Riabbassai lo sguardo, l'abisso sotto i piedi mi paralizzò.  L'idea di camminare sospesa a chissà quanti mila metri da terra mi apparve inconcepibile. Mi sedetti in un angolo della stazione, respirai quell'aria leggera e inodore. Tornai a guardare giù cercando il coraggio di cui disponevo. Sul fondo di quella specie di valle si vedeva qualcosa. Come degli stabilimenti ammassati, forse dei grattacieli. Non aveva senso rimanere lì imbambolata; le persone camminavano spedite senza che gli accadesse nulla. Non c'era motivo per cui ai miei piedi si dovesse aprire una voragine.
Nell'aria non volava una mosca, il silenzio appariva irreale. Nessuno tintinnio di tacchi, non una voce, non uno squillo. Nemmeno i treni emettevano alcun rumore e quelle persone non si parlavano. Mi incamminai seguendo i passi di chi pioveva dai binari; quando giunsi davanti all'uscita, mi fu bloccato l'accesso. Non c'era alcun motivo tangibile per cui non riuscissi a passare, eppure non ci fu verso: venni respinta da una forza che sembrava provenire da dentro me, come un rifiuto psicologico. Non c'era alcun ostacolo, eppure non riuscii a varcare quella soglia. Nessuno notò quella mia difficoltà, nessuno mi degnò di uno sguardo; iniziai a temere di essere diventata trasparente.

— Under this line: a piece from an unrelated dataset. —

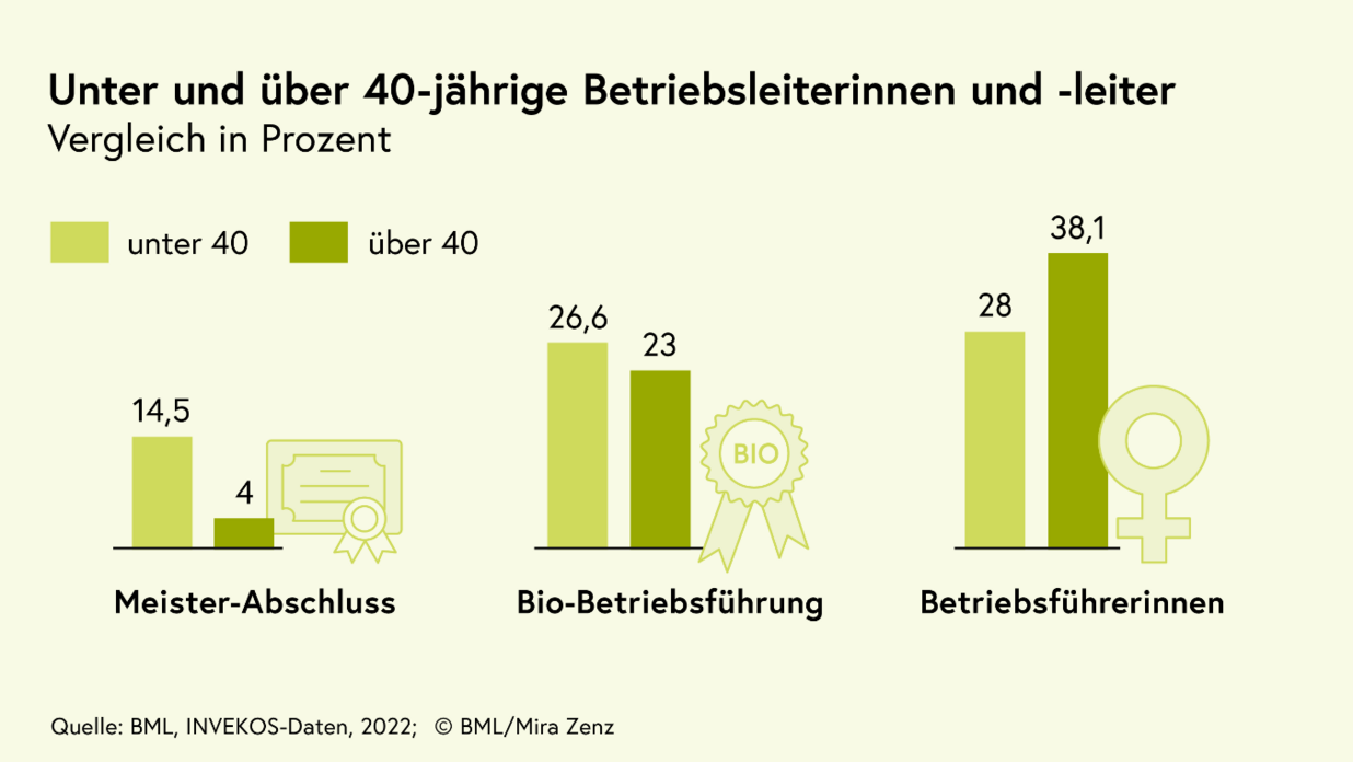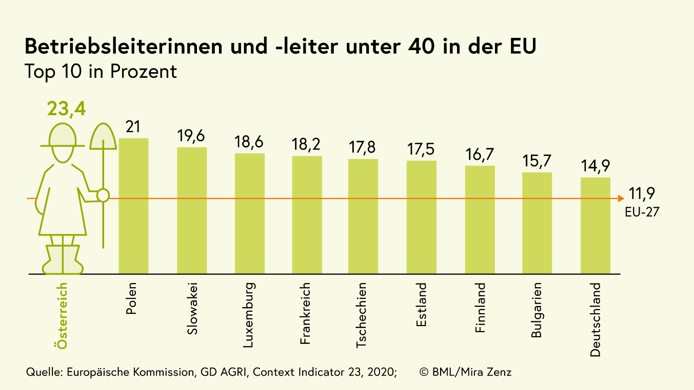Waren bei uns im Jahr 2020 23,4 % der Betriebsleiterinnen und -leiter unter 40, so waren es im EU-Schnitt mit 11,9 % nur rund halb so viele.

D'un tratto, ebbi la visione di una freccia. Scossi il capo, stropicciai gli occhi, li riaprii e quella freccia era ancora lì, in apparenza davanti ai miei occhi ma in realtà dentro la mia mente, a indicarmi una direzione diversa. Esitai; andavano tutti verso l'uscita frontale, con un grosso sforzo di volontà provai a a entrarvi, ma senza successo. Mi rassegnai a seguire l'indicazione che mi era apparsa nel cervello.
Senza capire in che modo, passai dalla luce al buio; finii, senza avere il tempo di completare un passo, in un luogo cupo, dall'aria torbida, maleodorante. L'esatto contrario di quello in cui mi trovavo un attimo prima. Alzai lo sguardo, non vidi altro che grattacieli altissimi dall'aspetto fatiscente. Sembravano le rovine di una civiltà esistita mille anni prima. Gli appartamenti erano privi di finestre, da alcuni fuoriuscivano delle strane piante rampicanti. L'aria sapeva di orina, escrementi e vomito. Presi una direzione a caso cercando uno spiraglio che mi consentisse di guardare oltre i grattacieli; avevo bisogno di vedere il cielo. Quei grattacieli, alti come non ne avevo mai visti, erano così ammassati e imponenti che non lasciavano filtrare la luce del sole.
«Bzzzzzzzzzz?»
Mi voltai spaventata.
Era la prima voce che udivo da quando ero finita, dovetti ammetterlo, nel 3017.